This year marks Northern Ireland’s twenty-five year anniversary of the 1998 Belfast/Good Friday Agreement (B/GFA), which brokered peace after years of conflict between two distinct ethno-cultural blocs: ‘nationalists’ and ‘unionists’. Yet even with this relative stability since 1998, the debate on whether Northern Ireland should become part of the ROI has been re-ignited in light of a Brexit referendum result in which a majority of citizens in NI voted to Remain. Alongside other favourable factors, such as Ireland’s strong economic performance and eroding unionist electoral dominance in recent elections, can we say that Northern Ireland may be inching closer to a border poll, and potentially re-unifying with Ireland?

In our judgement, this process is far from inevitable. Instead, we must consider the new political identities emerging in NI that will shape its future. Since the B/GFA, a new constituency of non-aligned voters has grown in size, typically supporting cross-community parties like the Alliance Party and the Greens, with multi-faceted social and political concerns. It is likely that those with ‘new’ identities will be unwilling to alter the constitutional status of NI if such a decision undermines the fragile accord established by the 1998 Agreement.
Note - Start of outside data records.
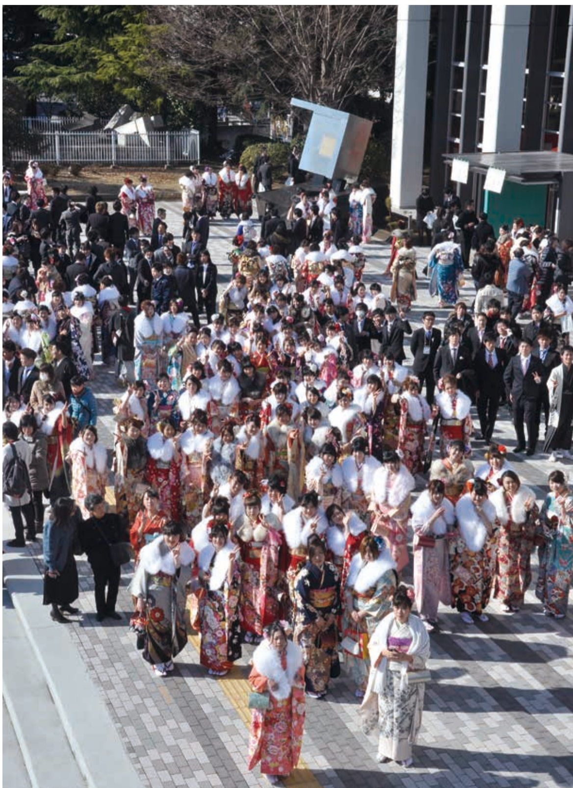
▲新成人が集まり、会場は華やいた雰囲気。※成人式の様子は「やちよNAV i」で放送中。案内は8ページに掲載

今年の八千代市の新成人は1837人。1月11日、市民会館で成人式が行われ、スーツや色鮮やかな振り袖に身を包んだ新成人1292人が出席しました。これまで八千代市の成人式は、1月の第2月曜日「成人の日」に行われていましたが、今回は前日の日曜日に開催。会場では新成人の応援にと、八千代商工会議所からグルメクーポンが配布されました。また、東葉高速鉄道各駅では800円で1日乗り降りが自由になる乗車券が販売されました。 「明日は休みなので、今日は遅くまでみんなと過ごしたい」と新成人。会場は、クラスメイトとの再会を喜びあう声と笑顔に包まれました。
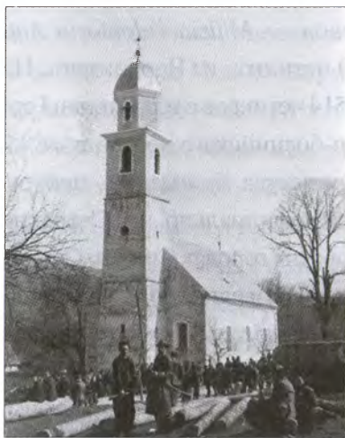
Четники защищали свое право быть православными против усташей и коммунистов. Лика, 1942 г.

Бирчанин получил звание «четнического воеводы» в годы Первой мировой войны, благодаря чему имел право посвящать в «воеводы» четнических командиров в годы Второй мировой войны. В межвоенное время он руководил четническим обществом «Сербская народная оборона». Он прибыл в Сплит в сентябре 1941 г., установил связи с ЮВвО и начал собирать вокруг себя сербских националистов, немало которых укрылось от усташских злодеяний в приморских городах в итальянской зоне оккупации. В марте 1942 г. Бирчанин получил письменное приказание от Д. Михайловича организовывать военные и политические акции в Далмации, Лике, Кордуне и Приморье, что было подтверждено 22 июля 1942 г. во время встречи с Д. Михайловичем в с. Пустополье в районе города Гацко в Восточной
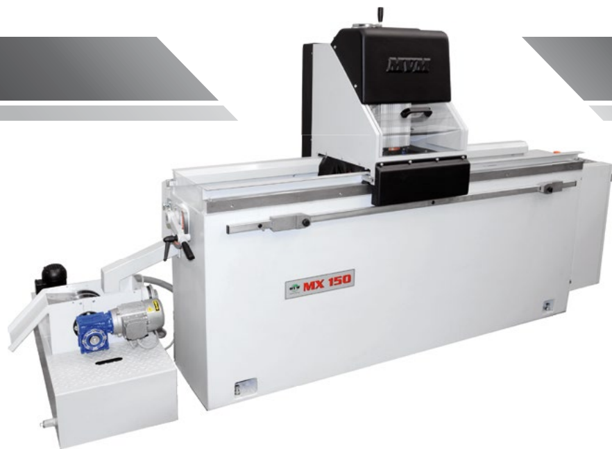
Affilatrice MX con depuratore magnetico a dischi rotanti
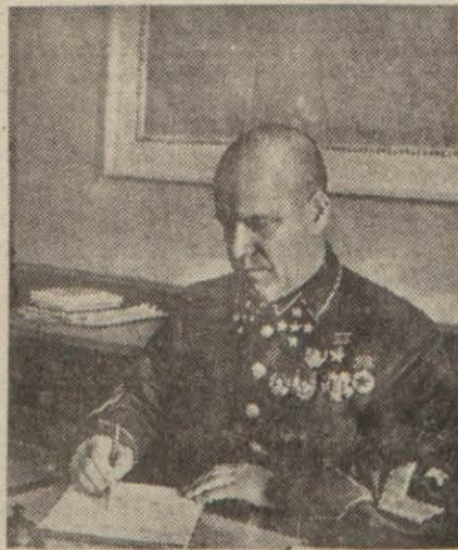
Merkezdeki Sovyet ordusu baş komutanı General Zukof

Leningrad önünde mevzî savaş faaliyeti vardır. Müsademe kuvvetlerinin yaptığı bir hareket esnasında
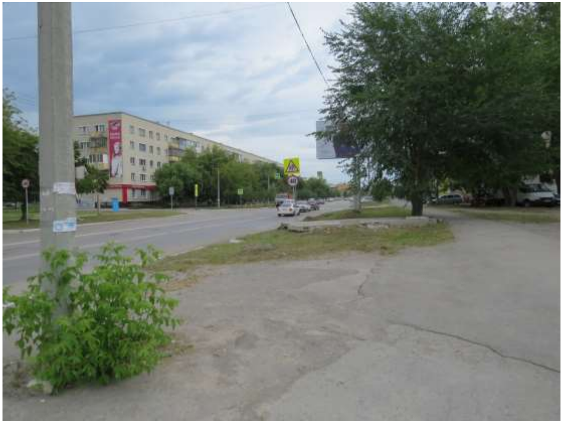
Нерегулируемый пешеходный переход по улице Кунавина
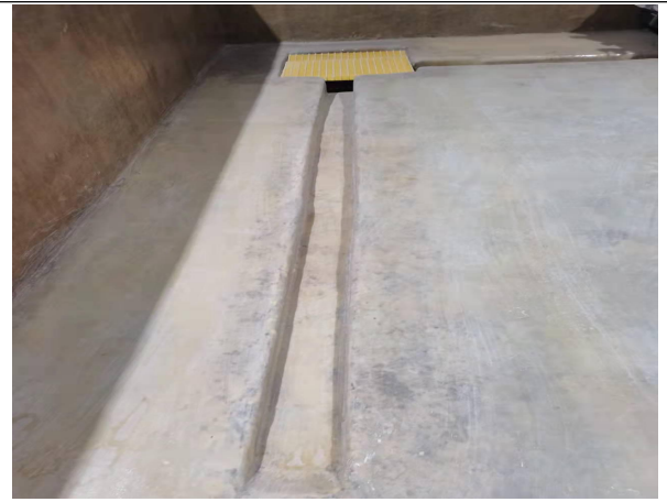
泄露导排沟及收集槽
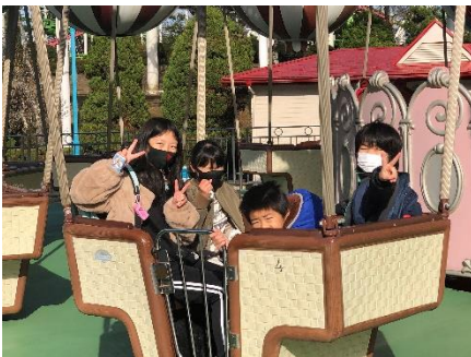
<ベニーランドを満喫>
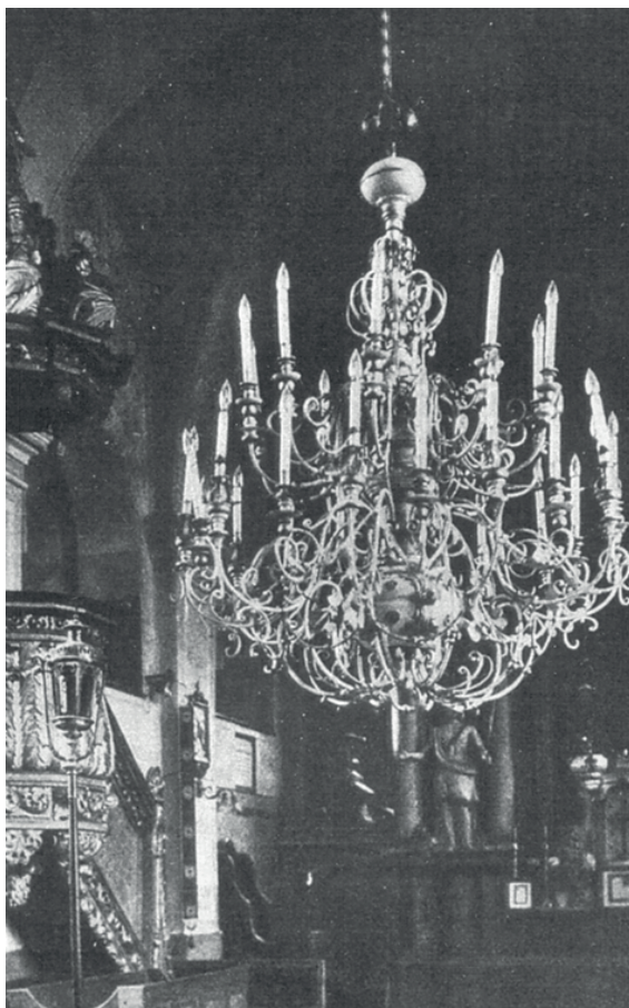
Fot. 3. Wnętrze kościoła Świętych Janów w Pile, 1905 r.
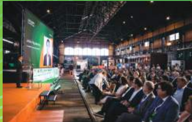
4ª Edição | Entroncamento, Maio 2023
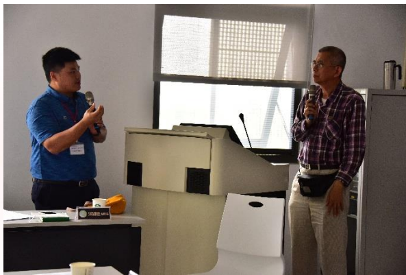
說明：用藥安全宣導Q&A
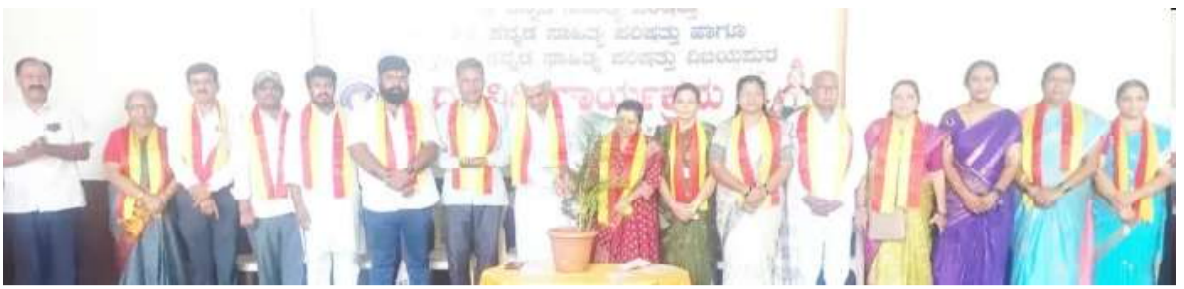
ಬೆಳಗಾವಿ ವಾರ್ತೆ ವಿಜಯಪುರ:
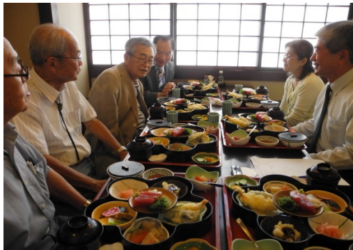
校友憶談學校師長
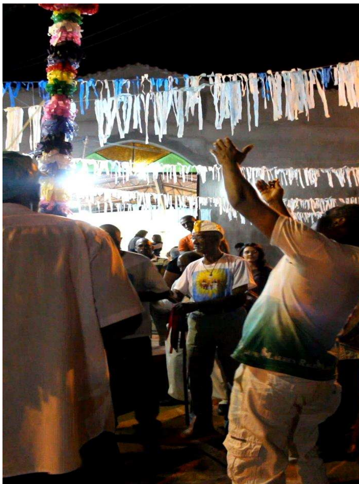
Imagem 12: Mastro erguido e dança em volta dele com os comandos do capitão.
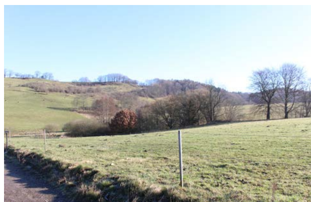
7. Udsigt mod nord fra Knabberupvej ved Overknabberupgård.
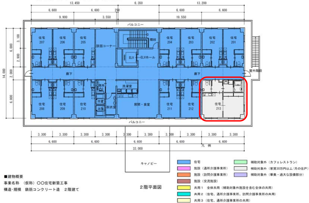
<色分け平面図の作成例>
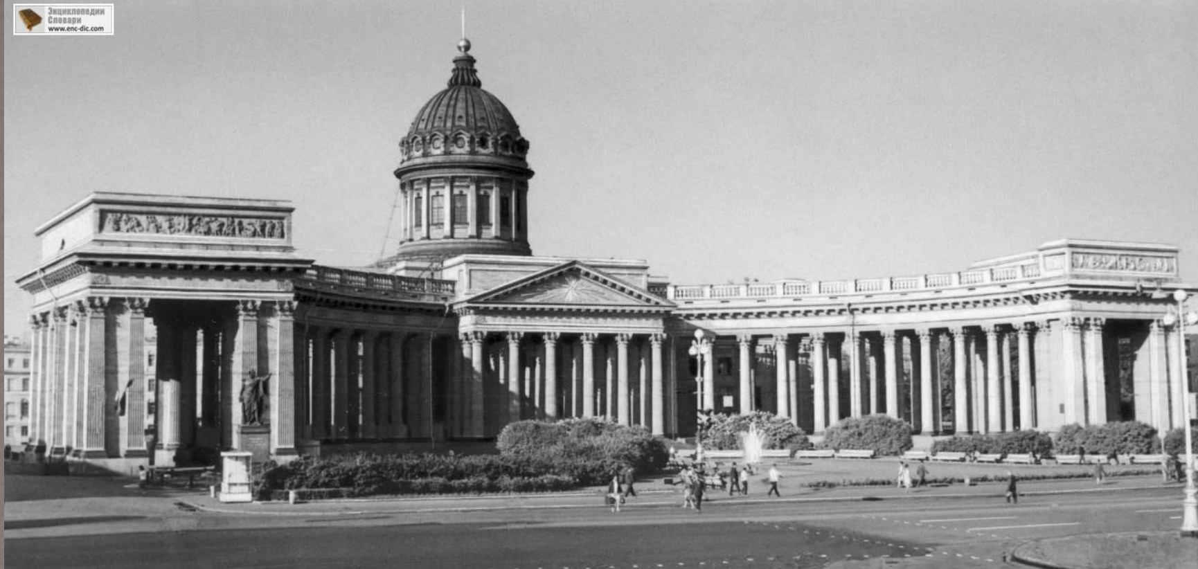
Собор Иконы Казанской Божьей Матери, СПб.
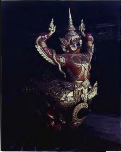
เรือครุฑเทินระเห็จ
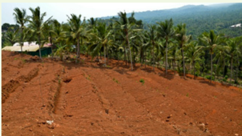
मुख्यालय चेलवूर कैम्पस में खेत परीक्षण हेतु तैयार भूमि

मुझे प्रसन्नता है कि वर्ष 2014 की अच्छी शुरुआत हुई है। मुख्यालय में खेत परीक्षण हेतु अदरक एवं हल्दी की 500 से अधिक बेडों के लिये भूमि को तैयार करके हमने अपने सपने को साकार किया है। इसके अतिरिक्त, यहां मसालों की जैविक खेती तथा वृक्ष मसालों जिसमें दालचीनी भी शामिल है, को प्रदर्शन हेतु स्थापित किये गये। जबकि संस्थान में बुनियादी सुविधायें जैसे, तीव्र गतिशील आंकड़े केन्द्र को फाइटोफ्यूरा के माध्यम से तथा आधुनिक डाईनिंग सुविधा को बी पी डी के माध्यम से विकसित की गयी। इसके अतिरिक्त प्लग ट्रे तथा लंबी पंक्तियों द्वारा काली मिर्च कतरनों की द्रुत गुणन तकनीक को किसानों, उद्यमियों, मसाला विशेषज्ञों तथा अन्य से अच्छी प्रतिक्रिया प्राप्त हुई। व्यापार की दृष्टि से, हमने अपनी विकसित प्रजातियों तथा सूक्ष्मपोषण संयोजनों को लाइसेंसिंग किया। इन उपलब्धियों को अच्छी शुरुआत के रूप में या हमारे परिश्रम की सफलता के रूप में देख सकते हैं। यद्यपि यह अभी शुरुआत हुई है, परन्तु हमारी कर्तव्यनिष्ठता तथा कठिन परिश्रम महत्वपूर्ण तकनीकियों को विकसित करने के लिये हमें आवश्यक प्रेरणा प्रदान करेगी। हमने अपने अधिदेश फसलों पर अधिक सूचनायें संचित की है तथा अब इन सूचनाओं को उचित ढंग से भाषांतरित करके, उचित तकनीकियों को विकसित करके उन्नत जर्नलों में प्रकाशित कर सकते हैं। आरथर सी लारक के कथनानुसार अपूर्ण डेटा कभी ज्ञान नहीं होता, ज्ञान कभी विवेक नहीं होता तथा विवेक कभी पूर्वज्ञान नहीं होता।
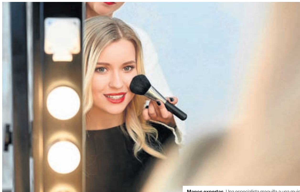
Manos expertas. Una especialista maquilla a una mujer.

HÁBITOS SALUDABLES. Una de las clínicas pioneras en este tratamiento integral en España es Dorsia ( www.dorsia.es ). Desde Minerva, su unidad de Nutrición y Obesidad, se llevan a cabo tres técnicas de cirugía bariátrica, desde la más clásica de introducción de balón gástrico, pasando por la manga gástrica hasta llegar al llamado Método Pose, de cirugía no invasiva. Este último consiste en la introducción vía oral de miniinstrumentación con el fin de reducir la parte
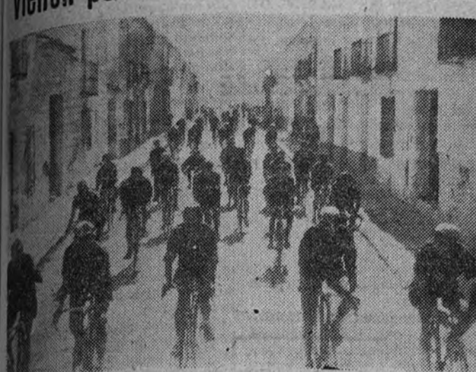
Los ciclistas del Frente de Juventudes de las provincias de Cádiz, Sevilla, Córdoba, Huelva, Málaga y Almería, en ruta hacia Madrid, atraviesan un pueblo manchego en la jornada de ayer

Escuadras de todas las provincias vienen por carretera hacia Madrid
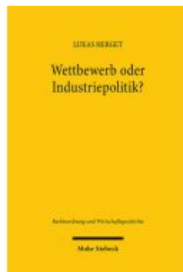
Wettbewerb oder Industriepolitik? Ladenpreis: 92,60EUR
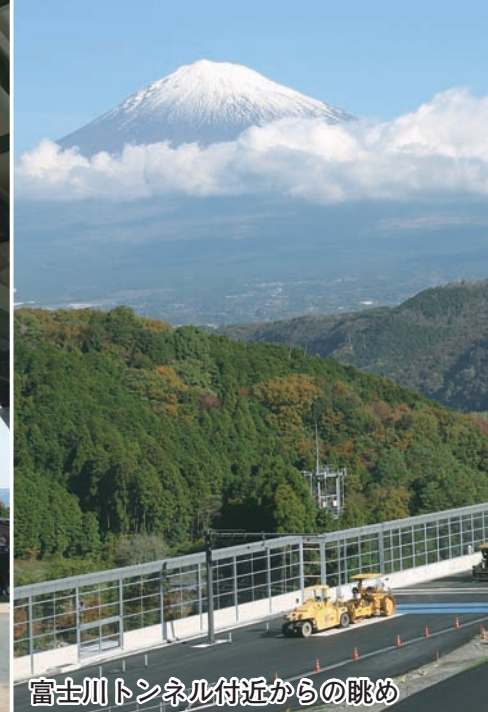
富士川トンネル付近からの眺め

Furthermore, unionists remain hostile to re-unification, while there is support among a section of the electorate that traditionally identifies as ‘nationalist’ for remaining within the UK. And what about unification in practice? Integrating ROI and NI into a single polity would also mean uncomfortable compromises for voters in ROI. Where does this leave the possibility of Irish reunification after Brexit?

Tensions in identity and the impact of Brexit

Northern Ireland’s identities may be becoming more fluid, but tensions remain. The B/GFA aimed to reconcile identity differences by recognising both Irish and British citizenship for NI citizens. It acknowledged that national identity is chosen, not set by religious or ethnic bloodlines (traditionally protestants were associated with unionism; catholics with nationalism). However, the B/GFA in effect reinforced the unionist and nationalist divide since the purpose of the institutions it created was that ‘two communities’ in NI’s divided society could co-exist.

Without question, the ‘hard’ Brexit pursued by recent UK governments has served to bolster pro-Irish unity opinion in NI. It has inflamed political tensions and destabilised the B/GFA. For example, the NI Protocol and Trade and Co-operation Agreement (TCA) negotiated by the UK government and EU authorities avoids a hard border in the island of Ireland as NI effectively retains full access to the EU single market for goods and complies with their regime. Yet many unionists are vehemently opposed since it aligns NI’s economic and regulatory ties closer to the EU than to the rest of the UK (separated by a ‘border in the Irish Sea’). The UK polity is therefore destabilised.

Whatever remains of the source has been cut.